Николай Гайдук – Златоуст и Златоустка (страница 110)
Пошатываясь, будто контуженый, пассажир побрёл куда-то в полумрак, надеясь набрести на жилище и попроситься переночевать. Небольшая торная дорога подвернулась под ноги. Тёмные дубовые леса вдоль дороги стали подниматься. Мерещились башни и стены – остатки генуэзской крепости в Балаклаве. Буковая роща под ветром зашумела в стороне. Повстречался одинокий граб, торчащий около ручья. Над потемневшей кромкой Южных гор переливчатым светом заплескалась первая звезда. Из глубины Степного Крыма потянуло остудой, и в тёмных камышах за ручейком коростель как будто заскрипел.
Пройдя ещё немного, он увидел краешек сверкающего моря. (Хотя на самом деле это было озеро). Покрытое шёлковым штилем, «море» слегка туманилось. По берегам валялся мусор, битые бутылки. Вишнёвые и тёмно-малиновые отблески заката отражённо плавали по «морю», напоминая краснопёрый косяк. Заря потихоньку зажмуривалась в тучах на западе. Становилось глухо, сыро и жутковато. И такими заманчивыми, такими желанными показались далёкие огни на горизонте – бегом захотелось бежать.
Впотьмах забренчало коровье ботало – небольшое запозднившееся стадо брело в деревню. Пастух на лошади, как богатырь былинный, возвышался на фоне остатков зари.
Подойдя к пастуху, пассажир угрюмо поинтересовался:
– Скажи мне, приятель, не в этой ли ржи Тараса Шевченко папаха лежит?
Пастух неспешно высморкался, ладошку вытер об штаны.
– Тут уже давно не сеют рожь. Всё дурниной позарастало.
– Понятно. А до Балаклавы далеко?
Слово «Балаклава» пастуху было незнакомо. Зато была знакома баба Клава, самогонщица. Пастух за ухом почесал и посмотрел куда-то на закат.
– Ты промахнулся, парень. Баба Клава, аж вон там…

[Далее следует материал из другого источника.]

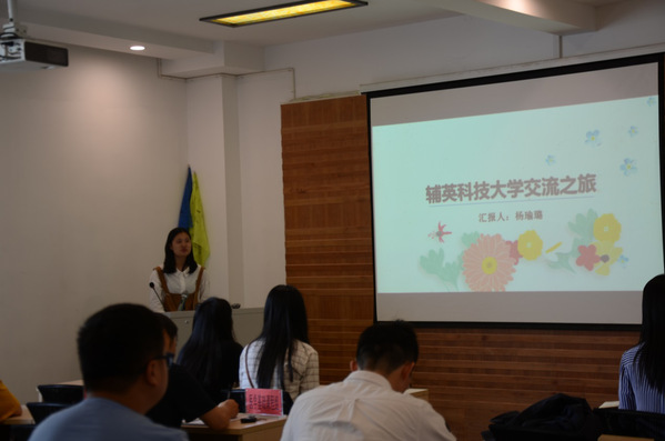 学生代表杨瑜璐、王卓敏、沈淑敬分别从学习感悟、校园介绍、当地人文、学生活动四个方面,向在座教师介绍了为期五个月的台湾辅英科技大学学习交流经历。汇报后,师生之间就双方学校在专业课程设置、课堂教学风格等方面的区别做了进一步的沟通交流。张燕肯定了学生们的精彩汇报,以及年轻人“走出去看世界”的勇气。她勉励学生多争取和珍惜外出学习交流的宝贵机会,从而增广见识,开阔眼界,使自己更为包容,更为谦逊,更富创见。

Они ещё немного поговорили, плохо понимая друг друга, и пассажир задумался, бестолково глядя в темноту.
– Где я нахожусь? – Пассажир обеими руками обвёл пространство. – Разве это не Крым?
Всадник улыбнулся, поправляя ногу в стременах.

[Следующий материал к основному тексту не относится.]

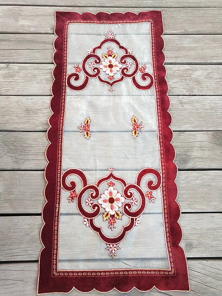 Acheter Nouvelle Dentelle Rouge Broderie Table De Lit Chemin De

– И снова ты маленько промахнулся. – Он потыкал кнутовищем в небо. – Ты, мил-человек, на Марсе.
Пассажир взмолился, едва не падая в копыто лошади, и пастух наконец-то смилостивился, сказал, что это – Матушка-Сибирь. Оглушённый, потрясённый и подавленный пассажир долго сидел на поваленном дереве – у воды потускневшего озера, впитавшего в себя последнюю кровиночку заката. Деревенский пастух уже был далеко – в березняке бренчало коровье ботало, будто кандалы звенели: «динь, бом, динь, бом, слышно там и тут, нашего товарища на каторгу ведут…» Пассажир смотрел по сторонам и никак не мог уразуметь, что перед ним действительно – Сибирь. Как это так? Фантастика! Но постепенно приходило осознание, и внутренний голос подсказывал: «Фантастика эта называется телепортация – мгновенное, почти молниеносное перемещение в пространстве. Это всё равно, что сесть верхом на молнию; кажется, так говорил мне учитель…»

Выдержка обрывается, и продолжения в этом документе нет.